What are the symptoms of a varicocele?

Varicoceles usually don’t have any symptoms. However, you may notice:

  • Dull testicular pain or aching in your scrotum, which often gets better when you lie down.
  • Swelling in your testicles or scrotum.
  • Shrinking in your testicles (testicular atrophy).
  • Inability to achieve pregnancy after at least a year of trying (infertility).
  • A small lump above your affected testicle.

What does a varicocele feel like?

Larger varicoceles may feel or look like a bag of worms or spaghetti. They may cause mild discomfort, aches or pains. Smaller varicoceles may be too small to see or feel.

What is the main cause of a varicocele?

Healthcare providers and medical experts aren’t sure what causes varicoceles to develop. Some think that a faulty “switch” (valve) inside certain veins in the spermatic cord may cause them. The spermatic cord is a band of tissues that holds your testicles in place. These veins return blood from your testicles to your body. The valve acts as a sort of “on/off” switch. It has two flap-like structures that help blood move back toward your heart. When a valve doesn’t work the way it should, blood may build up inside the veins in your testicles. Over time, the veins swell.

Who do varicoceles affect?

Varicoceles can affect anyone with testicles at any age.

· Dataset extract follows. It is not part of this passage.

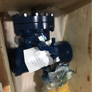 2、當介質正向流動時,氣缸下腔進氣,與重錘共同作用,合閥瓣平衡地處在全開位置。當介質反向流動時,氣缸活塞下腔迅速泄壓,閥瓣在0.5秒內快速關閉。
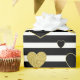 Bold black and white stripe pattern wrapping paper accented with luxe gold-style hearts for a chic, romantic look. A high-contrast design with a modern glam mood.

Healthcare providers believe that many varicoceles are present at birth (congenital). People often notice a varicocele during their teenage years. Medical experts suspect this may have to do with puberty, when blood flow to your genitals increases. In some cases, the varicocele can prevent your testicle from growing properly.


Does a varicocele cause erectile dysfunction?

There isn’t enough research to definitively say that varicoceles cause erectile dysfunction (ED), but there may be a link. Some studies show that people who receive varicocele treatment may still sometimes fail to achieve an erection, but not as often.

Are there other complications of a varicocele?

Larger varicoceles may increase your risk of other complications, including:

  • Low testosterone (male hypogonadism). People AMAB create testosterone in their testicles. Testosterone is a hormone that initiates male characteristics during puberty, enhances libido (sex drive) and helps strengthen bones and muscles. Low testosterone may shrink your testicles, reduce your sex drive, decrease your muscle mass and cause depression.
  • Azoospermia. Azoospermia is when you don’t have any sperm in your ejaculate (semen). Sperm cells are reproductive cells that fertilize an egg cell (ovum or oocyte). This creates an embryo that later develops into a fetus. Azoospermia is one cause of male infertility.

Diagnosis and Tests

How is a varicocele diagnosed?

A healthcare provider can diagnose a varicocele. They’ll review your medical history, ask questions about your symptoms and perform a physical examination.

During the physical exam, your provider may ask you to stand up, take a deep breath, hold your nose and mouth closed and strain to push air out. This is the Valsalva maneuver. They’ll feel your scrotum for enlarged veins as you’re holding your breath and straining.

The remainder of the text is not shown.